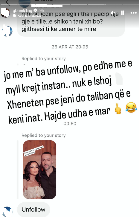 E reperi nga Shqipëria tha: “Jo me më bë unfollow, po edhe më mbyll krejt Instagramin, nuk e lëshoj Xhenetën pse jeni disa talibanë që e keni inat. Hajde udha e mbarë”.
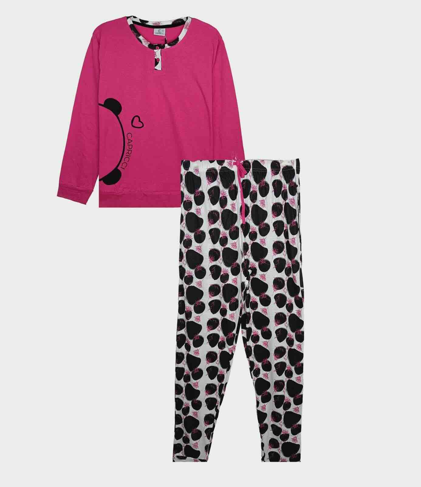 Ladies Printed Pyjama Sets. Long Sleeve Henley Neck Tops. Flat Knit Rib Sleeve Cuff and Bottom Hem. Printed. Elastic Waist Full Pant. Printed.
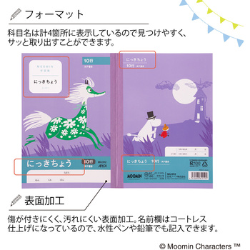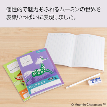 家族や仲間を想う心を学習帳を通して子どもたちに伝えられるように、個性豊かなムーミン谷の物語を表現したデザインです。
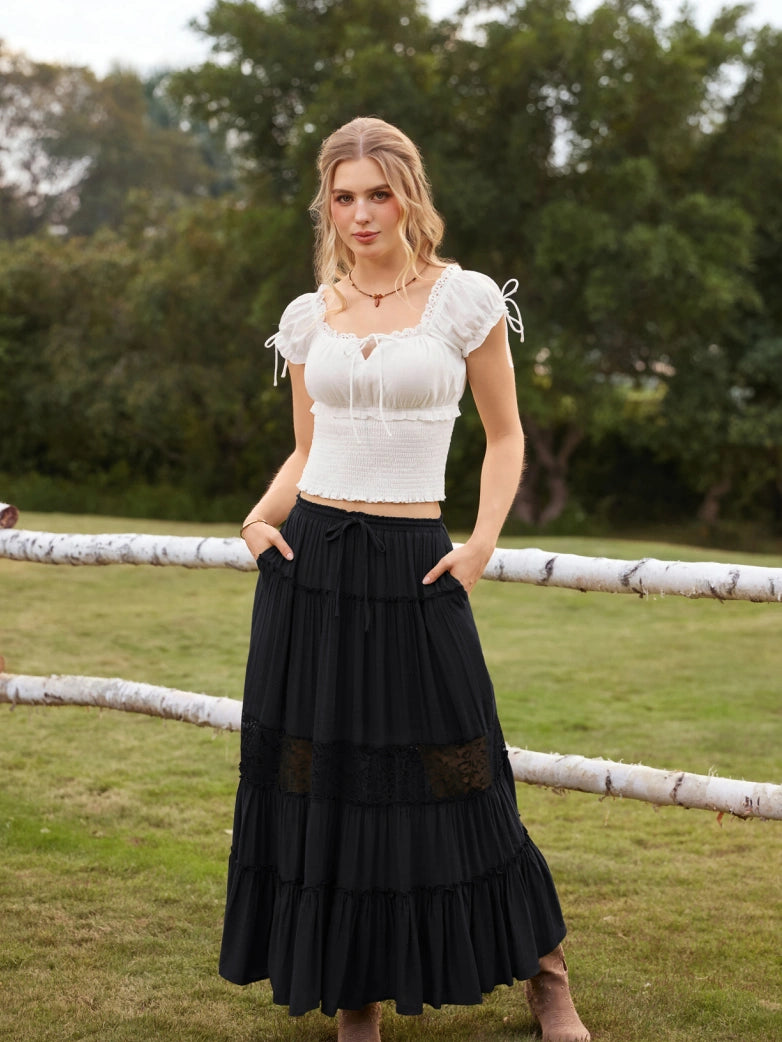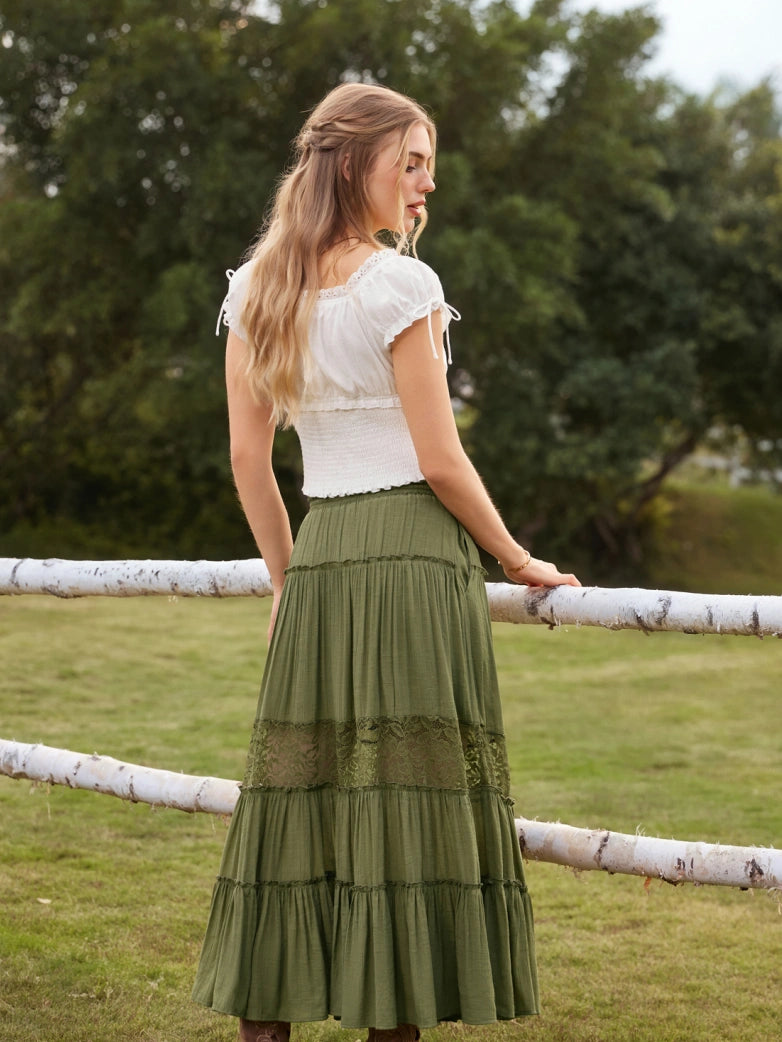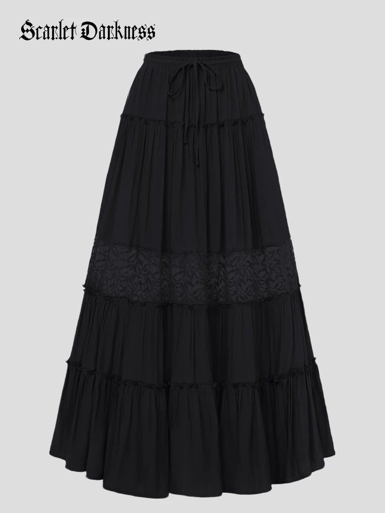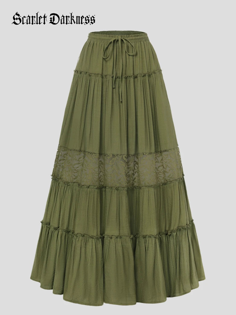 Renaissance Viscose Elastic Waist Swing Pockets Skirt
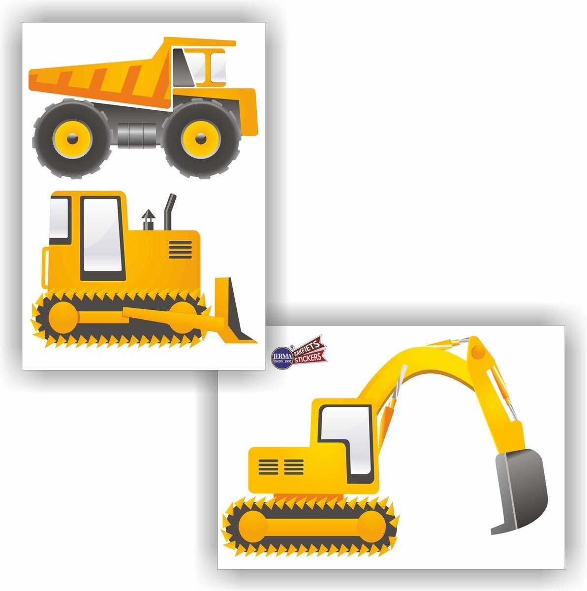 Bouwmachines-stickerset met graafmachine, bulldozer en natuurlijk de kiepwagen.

══════════

Work instructions
Recreate the listing above word for word, dropping each picture it contains.

Task result
 E reperi nga Shqipëria tha: “Jo me më bë unfollow, po edhe më mbyll krejt Instagramin, nuk e lëshoj Xhenetën pse jeni disa talibanë që e keni inat. Hajde udha e mbarë”.
 Ladies Printed Pyjama Sets. Long Sleeve Henley Neck Tops. Flat Knit Rib Sleeve Cuff and Bottom Hem. Printed. Elastic Waist Full Pant. Printed.
 家族や仲間を想う心を学習帳を通して子どもたちに伝えられるように、個性豊かなムーミン谷の物語を表現したデザインです。
 Renaissance Viscose Elastic Waist Swing Pockets Skirt
 Bouwmachines-stickerset met graafmachine, bulldozer en natuurlijk de kiepwagen.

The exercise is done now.